Search code examples
regexrcurly-braces

How do curly braces in R regex work?


I am trying to understand how the curly braces in R regular expression work. The help files say:

{n} The preceding item is matched exactly n times.

{n,} The preceding item is matched n or more times.

{n,m} The preceding item is matched at least n times, but not more than m times.

I have a vector like this:

b <- c("aa", "aaa", "aaaa", "aaaaa")

When I do

b[grep("a{2}", b)]

I would expect it to return only "aa" but instead I get everything. In other words, it yields exactly the same result as

b[grep("a{2,}", b)]

Why?


Solution

  • Because in this aaa input a{2} matches the first two a's likewise for all the other elements. So the grep returns index of all the elements. To do an exact string match, you must need to add anchors.
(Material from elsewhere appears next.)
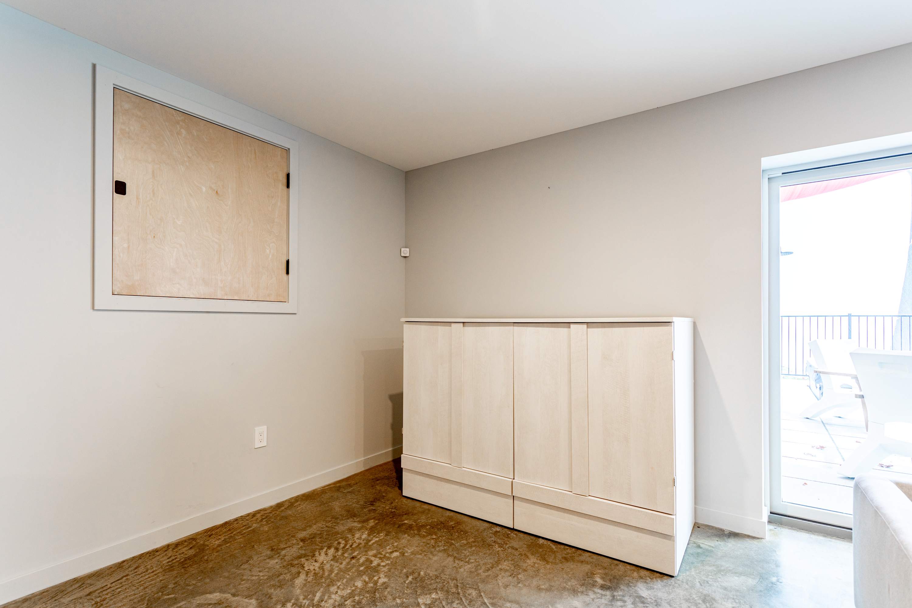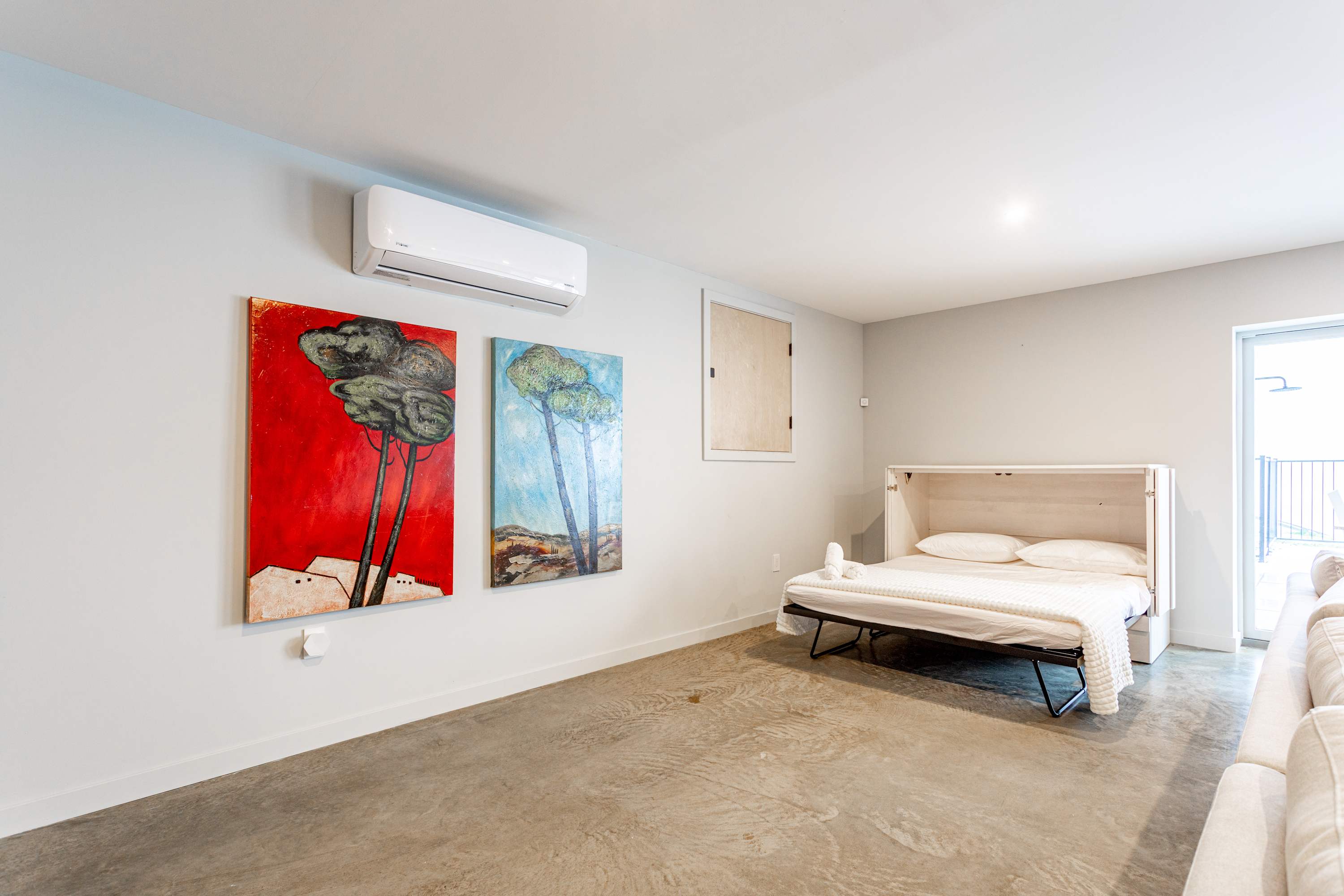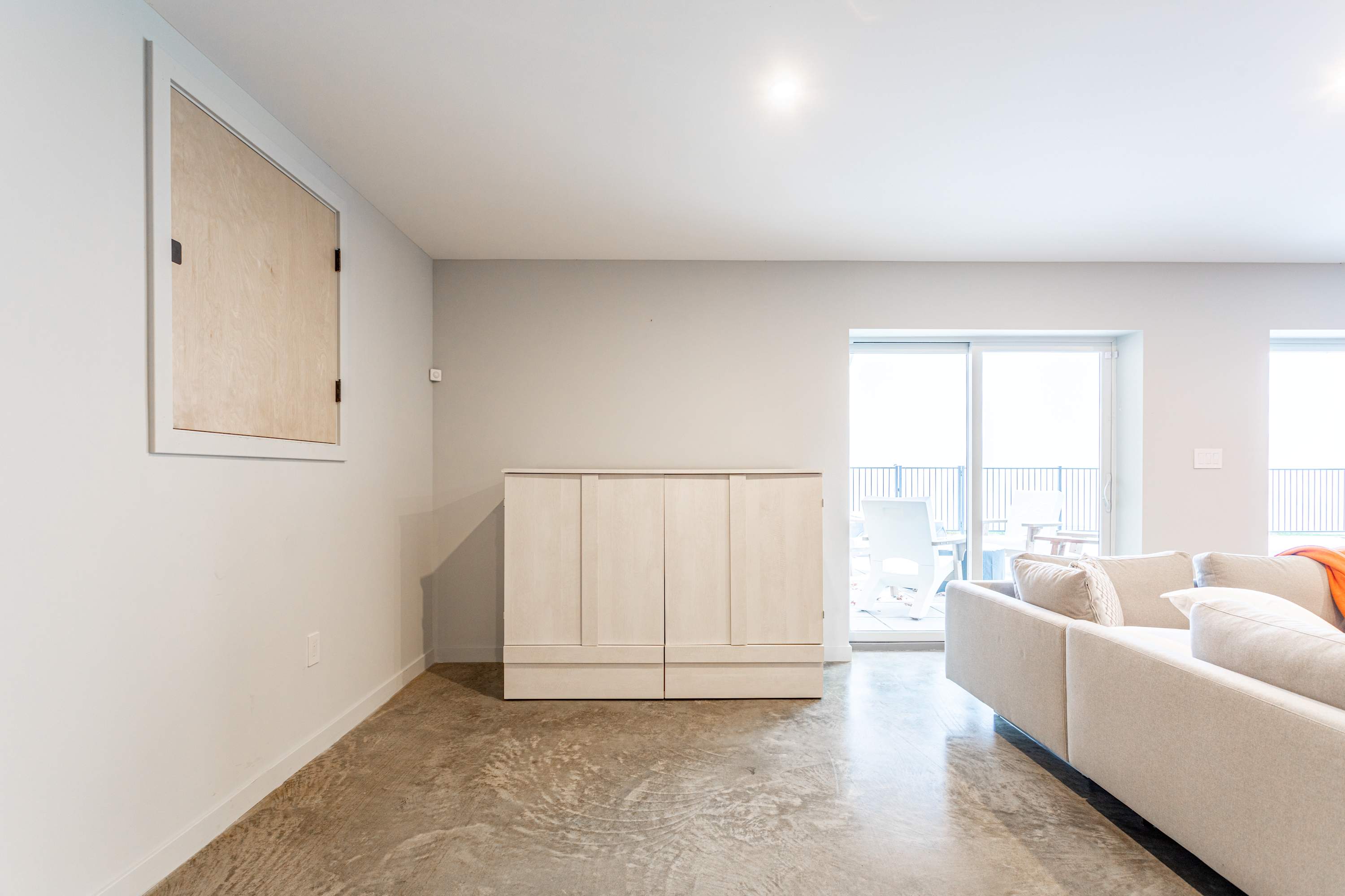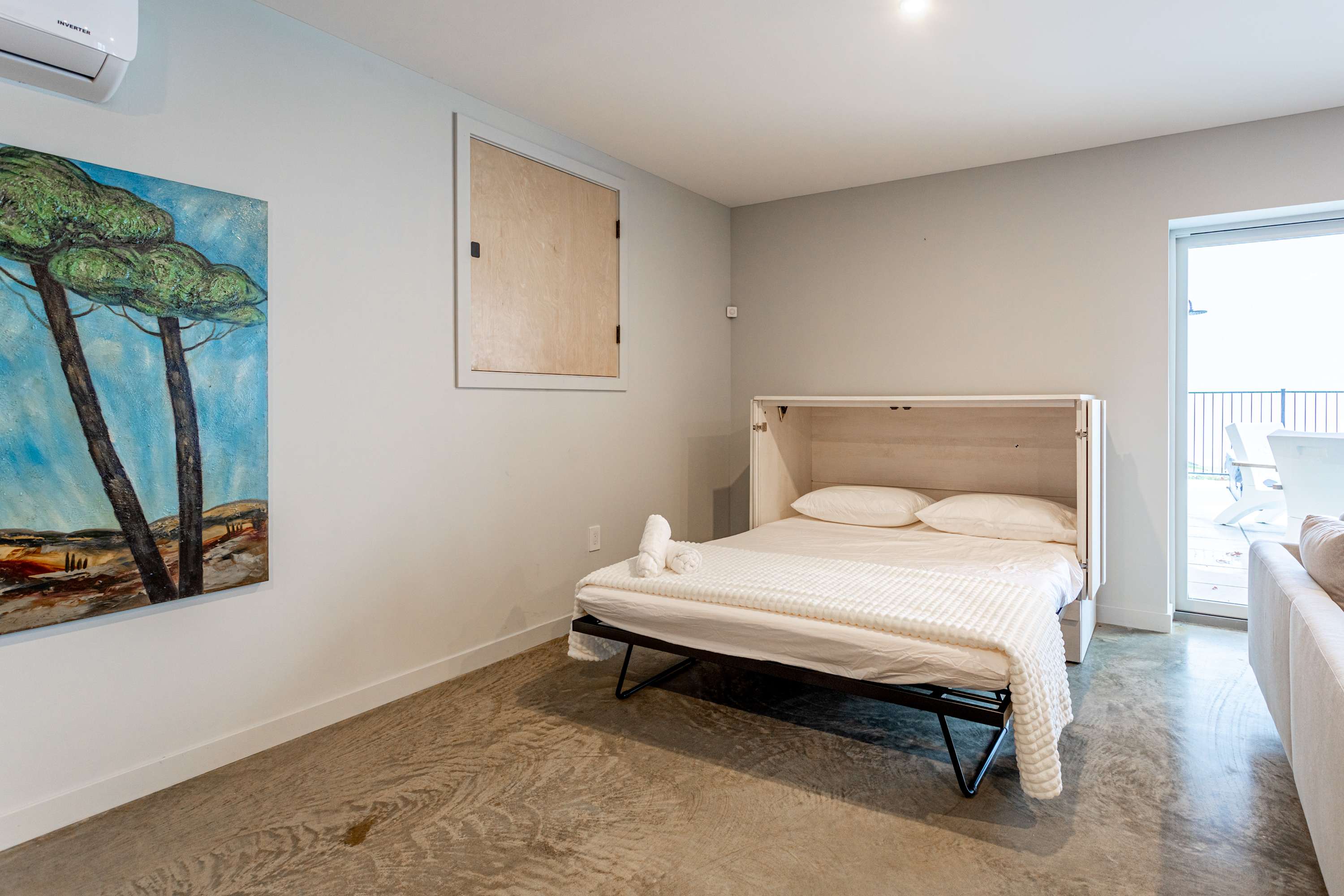 Downstairs, guests can enjoy a spacious entertainment room with an oversized sectional and event worthy big screen TV, a queen-size Murphy bed in its own dedicated hutch against the wall, and sliding doors that open directly onto a stone hardscaped patio where you'll find the pool and hot tub.

    > b <- c("aa", "aaa", "aaaa", "aaaaa")
    > b[grep("^a{2}$", b)]
    [1] "aa"
    

    ^ asserts that we are at the start and $ asserts that we are at the end. So the above grep returns only the index of the element which has exactly two a's ie, 1.

    OR

    > b <- c("aa", "aaa", "aaaa", "aaaaa")
    > b[grep("\\ba{2}\\b", b)]
    [1] "aa"
    

    Adding \b word boundary will also works for this case.